Write out the listing below exactly, beginning at its first line and ending with the line that contains "أريت النَّار أَكثر".

### Data ###

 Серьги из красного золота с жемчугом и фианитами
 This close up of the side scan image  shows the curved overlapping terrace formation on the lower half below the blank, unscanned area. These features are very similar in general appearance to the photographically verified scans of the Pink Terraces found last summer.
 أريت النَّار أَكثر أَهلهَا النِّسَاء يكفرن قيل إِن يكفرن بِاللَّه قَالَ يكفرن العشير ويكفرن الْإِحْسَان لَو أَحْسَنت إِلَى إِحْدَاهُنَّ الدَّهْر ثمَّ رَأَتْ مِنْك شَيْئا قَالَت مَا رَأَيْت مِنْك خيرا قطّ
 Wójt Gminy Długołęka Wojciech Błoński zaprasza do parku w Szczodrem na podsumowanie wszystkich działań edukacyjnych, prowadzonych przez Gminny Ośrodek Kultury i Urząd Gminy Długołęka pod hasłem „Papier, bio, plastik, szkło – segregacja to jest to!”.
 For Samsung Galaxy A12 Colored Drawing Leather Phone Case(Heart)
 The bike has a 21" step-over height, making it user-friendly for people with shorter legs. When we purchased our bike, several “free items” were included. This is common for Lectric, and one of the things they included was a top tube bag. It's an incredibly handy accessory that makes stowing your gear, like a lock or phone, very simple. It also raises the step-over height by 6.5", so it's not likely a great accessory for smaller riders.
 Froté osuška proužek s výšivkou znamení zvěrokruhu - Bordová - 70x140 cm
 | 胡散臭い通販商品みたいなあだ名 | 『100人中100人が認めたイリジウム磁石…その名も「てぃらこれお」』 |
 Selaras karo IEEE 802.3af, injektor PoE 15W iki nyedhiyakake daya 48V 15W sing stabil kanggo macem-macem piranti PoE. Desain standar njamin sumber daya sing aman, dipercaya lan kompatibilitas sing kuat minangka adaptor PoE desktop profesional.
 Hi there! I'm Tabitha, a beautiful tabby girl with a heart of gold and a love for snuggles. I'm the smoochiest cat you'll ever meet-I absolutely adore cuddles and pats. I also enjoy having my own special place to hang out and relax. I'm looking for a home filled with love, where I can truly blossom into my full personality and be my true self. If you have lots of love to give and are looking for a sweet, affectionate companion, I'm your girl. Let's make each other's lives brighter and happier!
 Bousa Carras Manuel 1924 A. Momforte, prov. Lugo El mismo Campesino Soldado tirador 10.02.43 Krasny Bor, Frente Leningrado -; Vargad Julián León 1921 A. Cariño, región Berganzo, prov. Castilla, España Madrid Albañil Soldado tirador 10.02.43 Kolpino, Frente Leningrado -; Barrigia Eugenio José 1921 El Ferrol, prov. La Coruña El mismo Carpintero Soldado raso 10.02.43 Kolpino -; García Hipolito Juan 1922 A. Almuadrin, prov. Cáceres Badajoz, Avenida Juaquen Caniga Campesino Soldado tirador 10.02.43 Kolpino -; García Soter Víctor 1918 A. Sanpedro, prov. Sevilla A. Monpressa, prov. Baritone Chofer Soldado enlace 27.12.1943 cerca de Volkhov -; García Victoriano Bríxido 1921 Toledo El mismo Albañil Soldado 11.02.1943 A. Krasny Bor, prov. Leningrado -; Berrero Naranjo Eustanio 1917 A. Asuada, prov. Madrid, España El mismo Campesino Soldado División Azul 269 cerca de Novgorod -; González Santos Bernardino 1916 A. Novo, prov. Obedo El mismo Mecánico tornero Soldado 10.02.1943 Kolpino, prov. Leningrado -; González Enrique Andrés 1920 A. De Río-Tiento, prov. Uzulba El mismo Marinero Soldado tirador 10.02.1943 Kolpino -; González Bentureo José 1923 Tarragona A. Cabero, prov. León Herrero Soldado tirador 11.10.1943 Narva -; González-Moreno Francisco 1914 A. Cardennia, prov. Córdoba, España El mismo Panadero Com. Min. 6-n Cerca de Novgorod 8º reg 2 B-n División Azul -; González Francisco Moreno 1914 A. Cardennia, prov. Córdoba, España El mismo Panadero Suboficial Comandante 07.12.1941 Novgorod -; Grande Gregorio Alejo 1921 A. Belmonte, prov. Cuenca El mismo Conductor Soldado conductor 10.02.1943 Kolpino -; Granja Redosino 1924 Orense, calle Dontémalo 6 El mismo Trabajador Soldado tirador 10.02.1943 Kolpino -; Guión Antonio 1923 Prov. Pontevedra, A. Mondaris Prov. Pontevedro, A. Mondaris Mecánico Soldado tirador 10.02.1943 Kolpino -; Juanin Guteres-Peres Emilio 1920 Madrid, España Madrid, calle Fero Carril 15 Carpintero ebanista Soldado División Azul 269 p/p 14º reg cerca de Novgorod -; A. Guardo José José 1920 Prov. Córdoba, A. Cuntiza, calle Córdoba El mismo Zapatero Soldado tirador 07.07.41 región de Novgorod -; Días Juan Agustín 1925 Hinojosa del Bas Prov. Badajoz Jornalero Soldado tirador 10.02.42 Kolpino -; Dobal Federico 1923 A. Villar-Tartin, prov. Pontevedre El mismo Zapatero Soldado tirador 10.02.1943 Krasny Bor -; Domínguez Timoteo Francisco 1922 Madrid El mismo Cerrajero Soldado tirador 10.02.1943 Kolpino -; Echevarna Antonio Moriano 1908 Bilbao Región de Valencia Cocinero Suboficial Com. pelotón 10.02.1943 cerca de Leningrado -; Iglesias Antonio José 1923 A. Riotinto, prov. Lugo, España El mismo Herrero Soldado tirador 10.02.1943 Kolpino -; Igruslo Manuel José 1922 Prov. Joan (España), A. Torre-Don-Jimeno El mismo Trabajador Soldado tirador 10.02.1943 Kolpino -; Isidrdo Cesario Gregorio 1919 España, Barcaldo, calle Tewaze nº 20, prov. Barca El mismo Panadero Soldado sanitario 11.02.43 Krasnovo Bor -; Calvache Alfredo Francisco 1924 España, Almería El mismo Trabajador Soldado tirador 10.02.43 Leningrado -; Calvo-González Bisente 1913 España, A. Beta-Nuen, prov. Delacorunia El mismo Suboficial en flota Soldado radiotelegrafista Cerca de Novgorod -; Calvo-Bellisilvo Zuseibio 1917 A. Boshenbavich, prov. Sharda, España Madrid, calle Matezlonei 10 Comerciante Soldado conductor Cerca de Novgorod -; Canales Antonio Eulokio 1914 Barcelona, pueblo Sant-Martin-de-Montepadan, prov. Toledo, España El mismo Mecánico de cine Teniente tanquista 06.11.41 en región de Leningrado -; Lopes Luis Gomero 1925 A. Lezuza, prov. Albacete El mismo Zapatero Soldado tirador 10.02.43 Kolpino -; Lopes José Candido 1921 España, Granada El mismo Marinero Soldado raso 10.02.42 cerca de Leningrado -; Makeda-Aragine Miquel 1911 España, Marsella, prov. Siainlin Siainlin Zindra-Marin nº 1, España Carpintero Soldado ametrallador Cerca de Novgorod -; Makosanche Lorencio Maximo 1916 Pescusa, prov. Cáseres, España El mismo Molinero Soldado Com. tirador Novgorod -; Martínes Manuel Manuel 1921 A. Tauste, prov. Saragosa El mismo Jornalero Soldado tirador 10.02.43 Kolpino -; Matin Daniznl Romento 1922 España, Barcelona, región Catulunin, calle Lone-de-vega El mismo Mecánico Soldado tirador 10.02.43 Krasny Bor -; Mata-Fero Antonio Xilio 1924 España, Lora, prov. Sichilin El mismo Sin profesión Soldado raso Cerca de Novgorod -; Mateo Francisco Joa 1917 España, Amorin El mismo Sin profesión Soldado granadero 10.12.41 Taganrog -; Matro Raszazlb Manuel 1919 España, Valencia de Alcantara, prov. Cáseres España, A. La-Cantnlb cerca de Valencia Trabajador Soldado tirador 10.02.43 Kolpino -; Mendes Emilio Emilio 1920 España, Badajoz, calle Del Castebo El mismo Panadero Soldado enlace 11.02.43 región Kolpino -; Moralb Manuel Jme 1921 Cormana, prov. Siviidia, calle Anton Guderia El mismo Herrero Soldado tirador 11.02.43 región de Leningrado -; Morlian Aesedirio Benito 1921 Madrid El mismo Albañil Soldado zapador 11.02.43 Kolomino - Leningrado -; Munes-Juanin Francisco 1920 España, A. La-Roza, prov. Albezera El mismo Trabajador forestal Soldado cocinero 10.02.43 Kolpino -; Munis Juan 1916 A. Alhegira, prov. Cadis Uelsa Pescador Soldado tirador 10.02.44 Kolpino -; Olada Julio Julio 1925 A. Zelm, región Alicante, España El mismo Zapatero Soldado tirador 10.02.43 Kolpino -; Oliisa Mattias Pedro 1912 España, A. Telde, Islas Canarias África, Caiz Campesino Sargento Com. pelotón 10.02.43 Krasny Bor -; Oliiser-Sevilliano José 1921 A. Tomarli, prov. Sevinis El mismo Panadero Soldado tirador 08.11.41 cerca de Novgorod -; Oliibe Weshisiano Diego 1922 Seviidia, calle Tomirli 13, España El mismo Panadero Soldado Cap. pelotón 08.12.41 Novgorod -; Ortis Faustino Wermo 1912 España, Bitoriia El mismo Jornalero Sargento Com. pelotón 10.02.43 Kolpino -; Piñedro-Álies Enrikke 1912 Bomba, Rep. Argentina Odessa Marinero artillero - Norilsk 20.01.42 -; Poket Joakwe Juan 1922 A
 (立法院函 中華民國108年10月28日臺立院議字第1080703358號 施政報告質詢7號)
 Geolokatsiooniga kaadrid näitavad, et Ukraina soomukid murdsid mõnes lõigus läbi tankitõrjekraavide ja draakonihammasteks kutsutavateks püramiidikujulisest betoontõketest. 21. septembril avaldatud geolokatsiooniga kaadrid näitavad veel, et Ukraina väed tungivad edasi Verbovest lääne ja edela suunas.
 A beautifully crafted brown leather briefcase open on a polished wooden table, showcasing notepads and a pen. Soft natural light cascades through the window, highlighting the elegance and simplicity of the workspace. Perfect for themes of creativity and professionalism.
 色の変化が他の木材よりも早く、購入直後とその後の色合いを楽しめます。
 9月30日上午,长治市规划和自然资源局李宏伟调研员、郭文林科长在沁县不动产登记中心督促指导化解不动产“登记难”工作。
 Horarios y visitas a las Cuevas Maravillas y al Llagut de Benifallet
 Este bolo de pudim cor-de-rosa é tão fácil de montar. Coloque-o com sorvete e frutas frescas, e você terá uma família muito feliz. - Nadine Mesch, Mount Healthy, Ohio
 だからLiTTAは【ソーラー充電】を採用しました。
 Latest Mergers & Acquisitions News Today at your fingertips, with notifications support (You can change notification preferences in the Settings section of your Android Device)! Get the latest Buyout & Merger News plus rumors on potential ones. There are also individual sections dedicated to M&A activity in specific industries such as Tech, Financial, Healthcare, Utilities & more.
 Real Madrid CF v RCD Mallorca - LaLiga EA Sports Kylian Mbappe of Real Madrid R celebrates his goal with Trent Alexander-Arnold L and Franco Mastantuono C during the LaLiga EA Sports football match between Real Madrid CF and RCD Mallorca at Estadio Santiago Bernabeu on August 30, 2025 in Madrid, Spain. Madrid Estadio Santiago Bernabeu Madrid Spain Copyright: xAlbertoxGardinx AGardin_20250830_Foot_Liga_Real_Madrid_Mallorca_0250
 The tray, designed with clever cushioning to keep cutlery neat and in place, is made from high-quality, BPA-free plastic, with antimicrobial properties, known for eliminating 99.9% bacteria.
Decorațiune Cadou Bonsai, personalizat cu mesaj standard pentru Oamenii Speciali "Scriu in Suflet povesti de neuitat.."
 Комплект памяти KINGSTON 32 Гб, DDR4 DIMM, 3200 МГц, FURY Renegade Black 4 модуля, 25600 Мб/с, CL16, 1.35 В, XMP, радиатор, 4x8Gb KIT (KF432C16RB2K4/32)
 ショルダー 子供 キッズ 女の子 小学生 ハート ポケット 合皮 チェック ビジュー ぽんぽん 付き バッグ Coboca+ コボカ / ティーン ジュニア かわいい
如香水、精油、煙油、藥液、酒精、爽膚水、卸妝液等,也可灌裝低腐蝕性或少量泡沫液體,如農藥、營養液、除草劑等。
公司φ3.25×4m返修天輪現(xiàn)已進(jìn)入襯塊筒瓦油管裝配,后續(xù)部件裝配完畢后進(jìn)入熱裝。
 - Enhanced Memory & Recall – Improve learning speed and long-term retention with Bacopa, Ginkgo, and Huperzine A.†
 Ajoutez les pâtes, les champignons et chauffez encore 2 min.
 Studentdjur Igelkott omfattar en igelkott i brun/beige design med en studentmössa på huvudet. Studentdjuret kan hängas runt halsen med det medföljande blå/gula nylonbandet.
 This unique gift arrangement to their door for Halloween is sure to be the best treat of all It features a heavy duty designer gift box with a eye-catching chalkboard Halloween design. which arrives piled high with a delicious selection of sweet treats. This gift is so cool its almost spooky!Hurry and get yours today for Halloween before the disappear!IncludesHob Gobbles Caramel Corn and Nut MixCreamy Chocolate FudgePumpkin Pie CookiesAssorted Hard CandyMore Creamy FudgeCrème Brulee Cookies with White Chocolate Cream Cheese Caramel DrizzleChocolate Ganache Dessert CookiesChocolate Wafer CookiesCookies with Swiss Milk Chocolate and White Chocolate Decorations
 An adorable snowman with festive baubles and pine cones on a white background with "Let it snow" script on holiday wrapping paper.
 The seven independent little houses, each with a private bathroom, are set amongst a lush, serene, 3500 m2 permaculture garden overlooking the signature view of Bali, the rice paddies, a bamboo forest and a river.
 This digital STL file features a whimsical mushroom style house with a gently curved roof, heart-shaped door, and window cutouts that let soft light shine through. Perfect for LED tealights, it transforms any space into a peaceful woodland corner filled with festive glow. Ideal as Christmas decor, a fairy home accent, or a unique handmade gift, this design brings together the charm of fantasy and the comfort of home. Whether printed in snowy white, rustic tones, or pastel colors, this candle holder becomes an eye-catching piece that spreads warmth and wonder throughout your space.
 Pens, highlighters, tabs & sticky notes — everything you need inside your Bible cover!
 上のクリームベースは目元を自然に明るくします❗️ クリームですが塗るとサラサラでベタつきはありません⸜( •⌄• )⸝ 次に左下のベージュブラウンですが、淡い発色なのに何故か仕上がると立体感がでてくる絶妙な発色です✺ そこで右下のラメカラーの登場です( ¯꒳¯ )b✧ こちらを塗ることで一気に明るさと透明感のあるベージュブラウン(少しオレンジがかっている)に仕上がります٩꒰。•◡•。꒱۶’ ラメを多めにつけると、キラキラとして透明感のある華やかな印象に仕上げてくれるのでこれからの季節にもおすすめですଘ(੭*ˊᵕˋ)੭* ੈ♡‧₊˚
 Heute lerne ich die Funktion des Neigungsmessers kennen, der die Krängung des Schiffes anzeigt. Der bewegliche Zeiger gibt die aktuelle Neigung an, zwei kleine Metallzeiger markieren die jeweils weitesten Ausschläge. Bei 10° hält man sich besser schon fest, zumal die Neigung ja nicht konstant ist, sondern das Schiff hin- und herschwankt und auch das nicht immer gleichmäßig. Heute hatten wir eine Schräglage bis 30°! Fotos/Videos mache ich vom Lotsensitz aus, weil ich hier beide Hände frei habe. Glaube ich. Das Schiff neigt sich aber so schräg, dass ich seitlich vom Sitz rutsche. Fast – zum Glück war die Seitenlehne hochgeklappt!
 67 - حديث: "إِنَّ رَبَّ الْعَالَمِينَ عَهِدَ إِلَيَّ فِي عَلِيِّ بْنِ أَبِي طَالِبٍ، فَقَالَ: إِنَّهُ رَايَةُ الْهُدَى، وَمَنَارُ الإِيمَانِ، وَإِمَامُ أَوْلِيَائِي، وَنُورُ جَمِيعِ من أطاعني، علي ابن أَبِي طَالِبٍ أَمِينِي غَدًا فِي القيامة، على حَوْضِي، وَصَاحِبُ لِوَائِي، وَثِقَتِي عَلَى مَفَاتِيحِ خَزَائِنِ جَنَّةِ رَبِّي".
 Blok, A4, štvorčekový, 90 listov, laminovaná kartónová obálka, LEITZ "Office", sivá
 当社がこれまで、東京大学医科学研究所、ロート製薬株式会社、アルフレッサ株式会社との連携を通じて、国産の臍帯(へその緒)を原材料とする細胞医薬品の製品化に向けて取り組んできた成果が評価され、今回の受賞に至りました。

###

• _Your response_:
 Серьги из красного золота с жемчугом и фианитами
 This close up of the side scan image  shows the curved overlapping terrace formation on the lower half below the blank, unscanned area. These features are very similar in general appearance to the photographically verified scans of the Pink Terraces found last summer.
 أريت النَّار أَكثر أَهلهَا النِّسَاء يكفرن قيل إِن يكفرن بِاللَّه قَالَ يكفرن العشير ويكفرن الْإِحْسَان لَو أَحْسَنت إِلَى إِحْدَاهُنَّ الدَّهْر ثمَّ رَأَتْ مِنْك شَيْئا قَالَت مَا رَأَيْت مِنْك خيرا قطّ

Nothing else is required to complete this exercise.